Я видела мальчика на пороге возмужания — моего отца, — ворошащего ногой лесную подстилку За спиной у него возвышался красный песчаник Предела и черная зияющая пасть старой шахты. Глаза его были устремлены на палую листву и гниющие ветки. Я сразу поняла, что он ищет медь. Мы с отцом часто высматривали куски голубовато-зеленой породы, оставленной древними людьми, которые разрабатывали Предел, так что догадаться было нетрудно. Он искал сосредоточенно, до тех пор, пока его внимание не привлек блеск с низкой ветки. Он сделал несколько шагов и увидел, что блестящий предмет лежит в сорочьем гнезде. Подойдя еще ближе, он понял, что это. Освободив сверкающий крест от пожухлой травы, веток и глины, он внутренне содрогнулся, скорчился, слово от пинка в живот: да, это его амулет. Набожа не сочла подарок драгоценным и не пожертвовала Матери-Земле — она бросила никчемную безделушку в тлен лесной подстилки, на поживу сороке. Он поднял руку, желая вышвырнуть кусок серебра, но передумал и спрятал в суму на поясе. Там ему уже не сверкать на солнце.
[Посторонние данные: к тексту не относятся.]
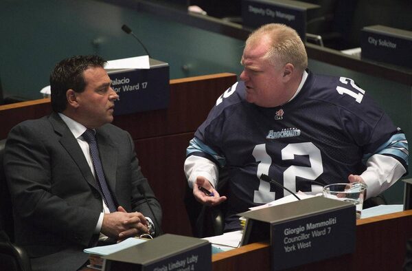 Toronto Councillor Giorgio Mammoliti, left, talks with then-mayor Rob Ford on Nov. 14, 2013. Mr. Mammoliti has had a seat beside the mayor’s for 15 years, and says he won’t relinquish it for the current deputy mayor, Denzil Minnan-Wong, without concessions from Mayor John Tory.NATHAN DENETTE/The Canadian Press

Матушка не сводит взгляда с душистых фиалок; губы ее сжаты в тонкую линию. Я еле сдерживаюсь, чтобы не проговориться, но она упирается пальцами в землю, словно ей дурно.
В конце концов я говорю:
— На последнем празднике Очищения Крот дал мне стрекозу. — Ничего необычного: подростки, еще не вышедшие годами для участия в празднике, часто делали символические подарки девочкам.
— Упражняйся, — чересчур оживленно говорит матушка. — На будущее.
— Месяц дал мне перо.
— Ой!
— Вторуша дал мерную ложку, правда только вчера, в благодарность за мокричниковый бальзам. — Я достаю деревянную ложечку с глубоким черпалом.
Матушка берет ее, вертит в руках.
— У тебя есть почитатели.
Я улыбаюсь:
— Вторуша бегает быстрее всех.
— Он почти догнал тебя на празднике урожая. — К концу все-таки уступил. — Мы с Вторушей оставили далеко позади прочую ватагу, и счет у нас был ровный.
— Намеренно?
Я и сама задавалась этим вопросом, по крайней мере до тех пор, пока мы не отправились вместе искать соты.
— Да.
— Как славно, что он позволил тебе выиграть!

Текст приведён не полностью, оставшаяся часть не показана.